User Agreement Faceapp

Founder Jaroslaw Goncharov told Forbes that subsequent iterations of the user agreement will most likely remove references to the right to access images from FaceApp users. His justification for its registration was primarily to reflect Instagram`s data protection policy, with the aim of transforming it into a “social network for faces”. Look for “FaceApp” and you`ll be faced with a veritable stream of songs that cover `this clause` in the user contract. As we`ve already pointed out, it`s actually allowed in iOS – giving users the ability to block an app full access to the camera role, but select individual photos to download if they wish. The Sensor Tower FaceApp data shows an even higher spike in the number of users among new users (iOS and Android). In June 2019, the app registered about 65,000 new FaceApp users per day. In the viral phase, this figure rose to 1.8 million new FaceApp users per day – a factor of 26. Mr. Goncharov shared a company statement that FaceApp only downloads photos selected by users to edit them.

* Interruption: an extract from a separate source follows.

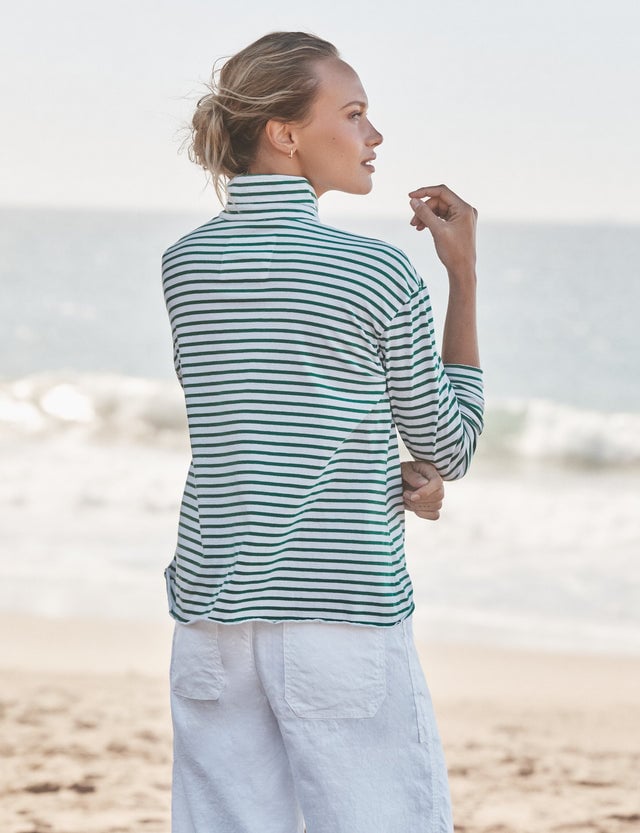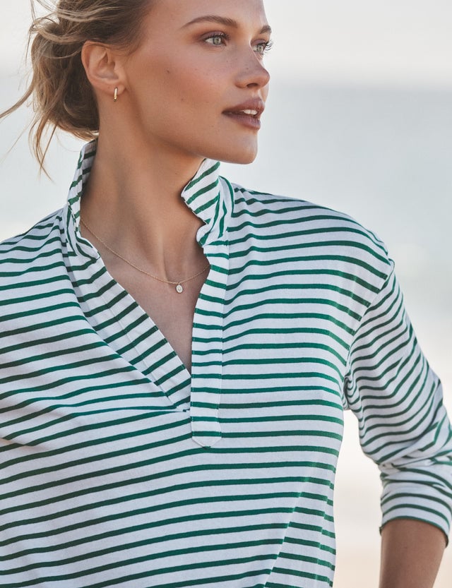 Create an accountPATRICK POPOVER HENLEY IN GREEN/WHITE STRIPE

“We never transmit any more images,” the statement continued. FaceApp continues that it “could” store photos that users have chosen to upload to the cloud for a short period of time, claiming that this is done for “power and traffic” – so that a user does not download the same photo repeatedly to perform another edition. 3. We accept requests from users to delete all their data from our servers. Our support team is currently overloaded, but these requests are our priority. For the fastest processing, we recommend sending requests from the FaceApp Mobile app with “Settings->Support->Report a bug” with the word “privacy” in the subject line. To do this, we are working on a better user interface. Another issue raised by FaceApp users is that the iOS app seems to have replaced the settings when a user refused access to their camera role after people indicated that they could always choose and upload a photo – that is, even if the app is not allowed to access their photos.

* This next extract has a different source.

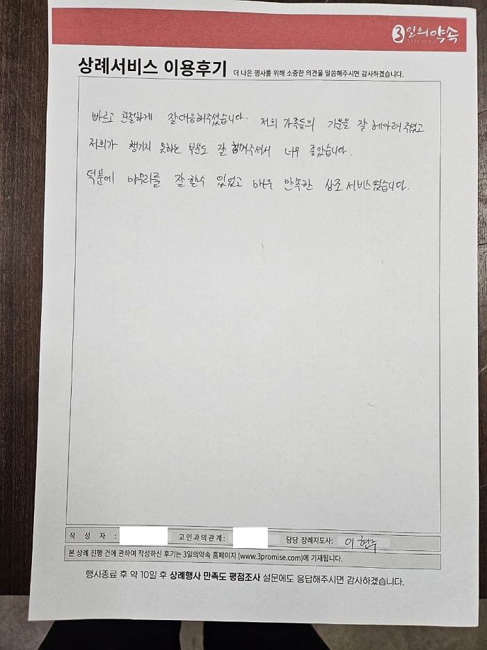 강동성심병원 장례식장 임○경 회원 장례서비스 이용후기 페이지 정보 작성자 관리자 작성일 목록 본문 빠르고 친절하게 잘대응해주셨습니다. 저희 가족들의 기분을 잘 헤아려 주셨고저희가 챙기지 못하는 부분도 잘 챙겨주셔서 너무 좋았습니다. 덕분에 마무리를 잘 할수 있었고 매우 만족한 상조 서비스였습니다. 목록

I can see why FaceApp chooses to upload the user`s photo to its server and process it on its server: from a professional point of view, hiding the photo processing code on their server makes it difficult for potential competitors to copy it. It also makes hacking more difficult FaceApp also says that users can demand that their data be deleted. Although it does not yet have the ability to do so in a very fluid way, users are encouraged to send deletion queries via the mobile app with “Settings->upport->Report a bug” with the word “privacy” in the subject, adding that it “works on a better user interface.” FaceApp continues that it could store photos that users have uploaded to the cloud for a short time, and claims it`s done for “electricity and traffic” – for example, to make sure a user doesn`t download the same photo multiple times to make another release.